18:35 Chronic low grade system inflammation is remedied by T-regulatory cells.

19:00 Inflammatory cytokines further induce insulin resistance.

19:53 Enlarged fat cells become hypoxic. When your fat cells enlarge, overfilling with energy, your fat cells outgrow its own blood supply and run out of oxygen.

20:40 The molecule HIF-1 increases when tissues become hypoxic. This drives inflammation and changes genetic expression.

21:50 Adiponectin, which helps with insulin sensitivity, is downregulated during metabolic gridlock.

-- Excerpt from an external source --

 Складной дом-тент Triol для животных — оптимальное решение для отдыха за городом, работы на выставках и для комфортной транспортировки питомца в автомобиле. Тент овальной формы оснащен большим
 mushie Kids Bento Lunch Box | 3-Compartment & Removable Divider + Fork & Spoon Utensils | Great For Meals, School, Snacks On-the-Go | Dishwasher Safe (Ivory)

22:30 Metabolic tempo: feeding and fasting patterns. Fasting helps with metabolic congestion. Feeding window compression is a simple strategy. Find a pattern that works for you. Exercise helps pull energy through your mitochondria.

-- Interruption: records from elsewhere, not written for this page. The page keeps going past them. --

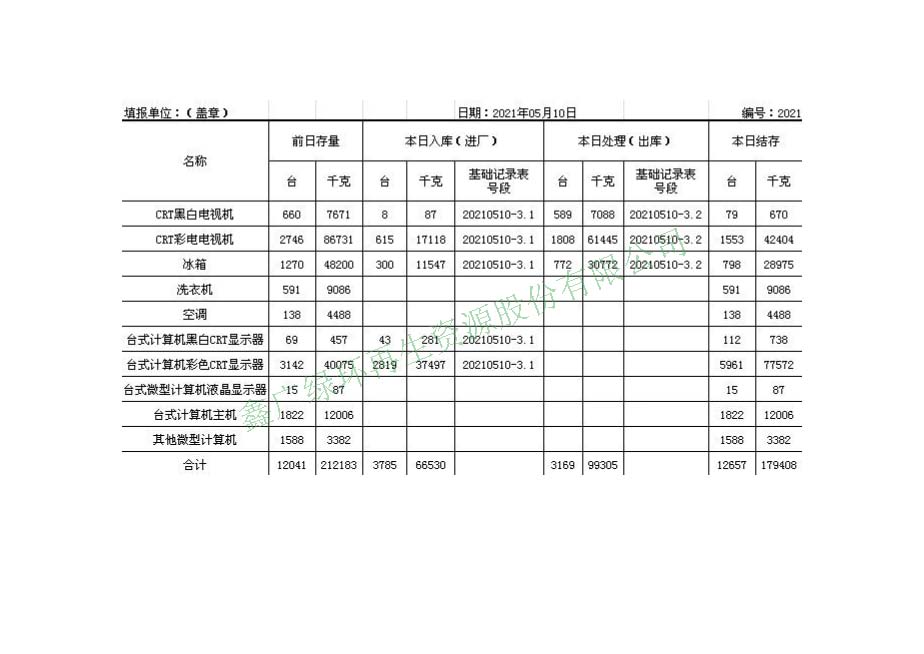 2021.05.10回收拆解統(tǒng)計(jì)表
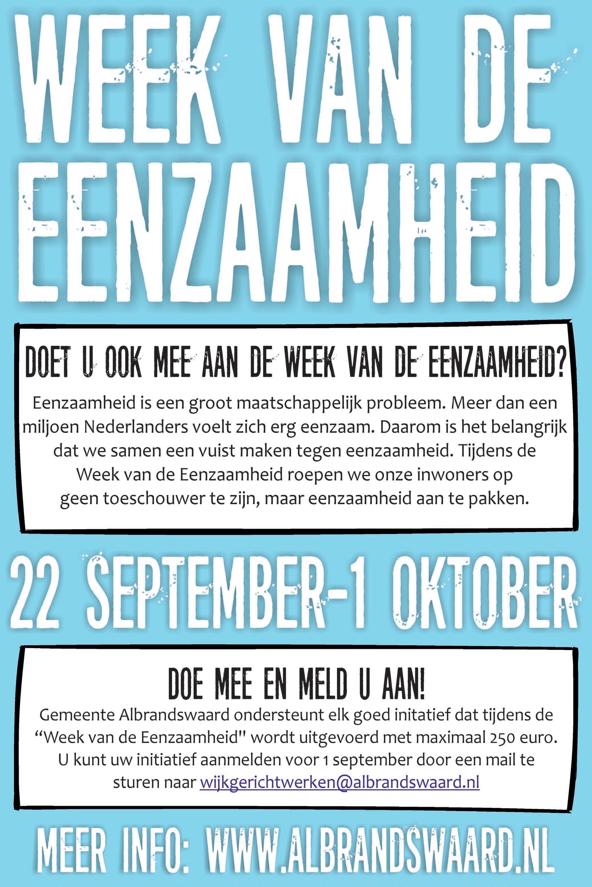 ALBRANDSWAARD - Met een paar uur tijd kunnen geïnteresseerden zich van 7 tot en met 12 november inzetten voor Alzheimer Nederland. Dan wordt de collecteweek van 2016 gehouden. Aanmelden kan bij organisator Albrandswaard Henk Wallenburg via 010-5013303 en hcswallenburg@hotmail.com. Of via
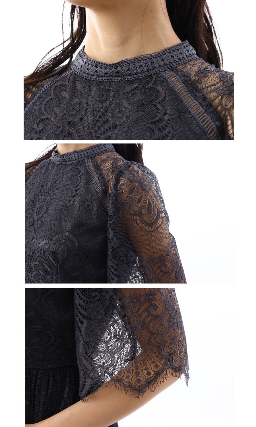 首元は少し高めで、レースの縁取りがポイントになって上品な印象です。
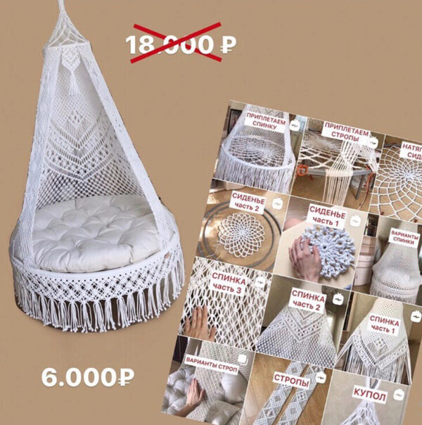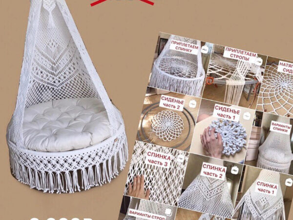 В наличии мастер класс по плетению подвесных кресел с подушками. В данном МК показаны 3 варианта плетения спинки и большое разнообразие лямок-ручек. Также в этом МК девочки делятся, где можно приобрести кольца для кресел, и много другой полезной информации. Мастер класс находится в закрытом

27:35 Adiponectin can be favorably affected by high quality omega 3.

28:05 Berberine hydrochloride favorably affects AMPK, which facilitates fat oxidation and improves metabolic pulling.

Articles Mentioned:

Freese, J., Klement, R. J., Ruiz-Núñez, B., Schwarz, S., & Lötzerich, H. (2017). The sedentary (r)evolution: Have we lost our metabolic flexibility? F1000Research, 6(1787), 1787. 

  1. Hi Mike,
    Stacy Sims claims that alternate day fasting (and even time restricted eating) is counterproductive for women. I would love to have you do a deep dive into whether the literature shows a difference between the response of men and women to types of fasting. The reason behind this would be that women already use fat more readily than men do. TIA

  2. This was really illuminating and your ability to talk through metabolic mechanisms is great. Having been a long-time patron and listener, I probably needed the background of your previous tutorials to have this really make sense, but well worth it. It’s just complicated.